List of Equivalences
The following are equivalent for an n x n matrix A:
1. A is nonsingular.
2. Ax = 0 has only the trivial solution.
3. A is row(column equivalent to I. (The reduced row echelon form of A is I).
4. The linear system Ax = b has a unique solution for every n x 1 matrix b.
5. A is a product of elementary matrices.
Methods for determining the inverse of a matrix
1. Shortcut for determining the inverse of a 2 x 2 matrix
If $ A = \left(\begin{array}{cc}a&b\\c&d\end{array}\right) $ then the inverse of matrix A can be found using:
$ A^{-1} = \frac{1}{detA}\left(\begin{array}{cc}d&-b\\-c&a\end{array}\right) = \frac{1}{ad - bc}\left(\begin{array}{cc}d&-b\\-c&a\end{array}\right) $
Example
$ A = \left(\begin{array}{cc}1&2\\3&4\end{array}\right) $
$ detA = ad - bc = 1 \times 4 - 2 \times 3 = -2 $
$ A^{-1} = \frac{1}{-2}\left(\begin{array}{cc}4&-2\\-3&1\end{array}\right) $
$ A^{-1} = \left(\begin{array}{cc}-2&1\\\frac{3}{2}&\frac{-1}{2}\end{array}\right) $
2. Augmented Matrix Method (Can be used for any n x n matrix)

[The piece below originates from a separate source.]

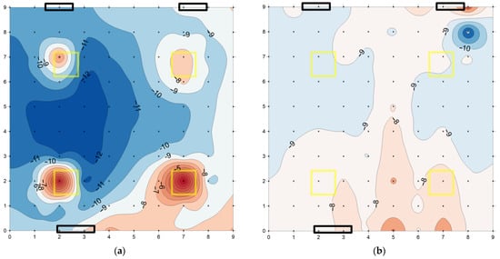 The magnetic anomaly maps for the absolute pavilion can be seen in Figure 5a (1st level) and Figure 5b (2nd level). As seen, the 1st level survey (Figure 5a) revealed significant positive magnetic anomalies close to the floor, produced by concrete feet tops. A slight effect from them can also be seen in Figure 5b on the map of the 2nd level magnetic survey. Thus, to avoid the magnetic effect from concrete, the installation of 1.5 m glass brick columns was obviously not enough.
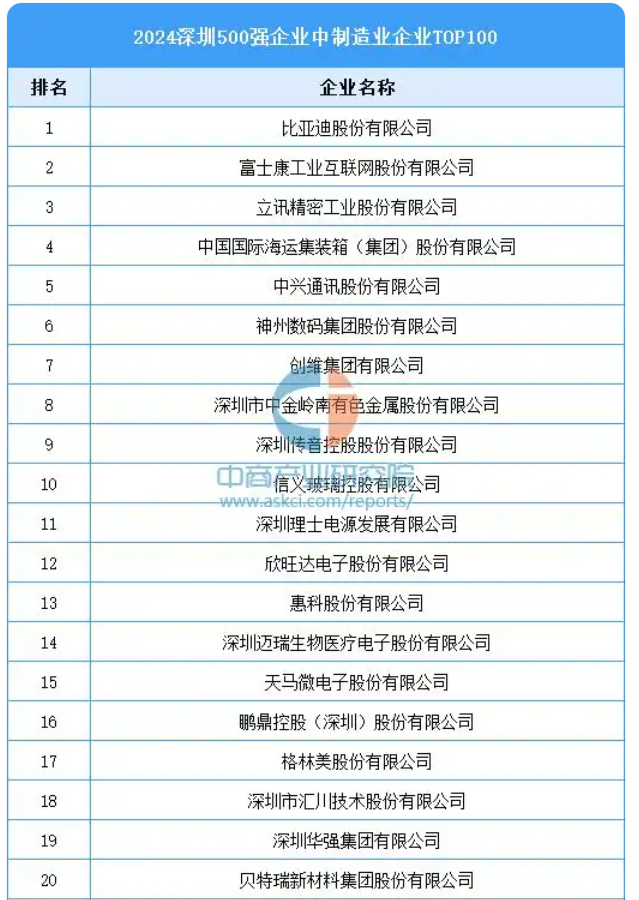 如果看深圳的2024年製造業100強,那消費電子產業鏈相關企業非常多,下圖來自中商產業研究院(華為不在其中,可能沒有參選),

Use Gauss-Jordan Elimination to transform [ A | I ] into [ I | A-1 ].
$ \left(\begin{array}{ccc|ccc}a&b&c&1&0&0\\d&e&f&0&1&0\\g&h&i&0&0&1\end{array}\right) $
Perform elementary row operations to transform the A matrix into the identity matrix. Whatever row operations are carried out on the A matrix, should also be carried out on the augmented Identity matrix. The final state of the matrix on the left is the inverse of the A matrix.
Theorem 1
An n x n matrix A is singular if and only if A is row equivalent to a matrix B that has a row of zeros. (That is, the reduced row echelon form of A has a row of zeros.)
Theorem 2
If A and B are n x n matrices such that AB = I, then BA = I. Thus B = A-1.
Example.
Find A-1 of
$ A = \left(\begin{array}{cc}1&2\\3&4\end{array}\right) $
$ \left(\begin{array}{cc|cc}1&2&1&0\\3&4&0&1\end{array}\right)\longrightarrow\left(\begin{array}{cc|cc}1&2&1&0\\0&-2&-3&1\end{array}\right)\longrightarrow\left(\begin{array}{cc|cc}1&2&1&0\\0&1&\frac{3}{2}&\frac{-1}{2}\end{array}\right)\longrightarrow \left(\begin{array}{cc|cc}1&0&-2&1\\0&1&\frac{3}{2}&\frac{-1}{2}\end{array}\right) $
so
$ A^{-1} = \left(\begin{array}{cc}-2&1\\\frac{3}{2}&\frac{-1}{2}\end{array}\right) $
3. Adjoint Matrix Method (Can be used for any n x n matrix)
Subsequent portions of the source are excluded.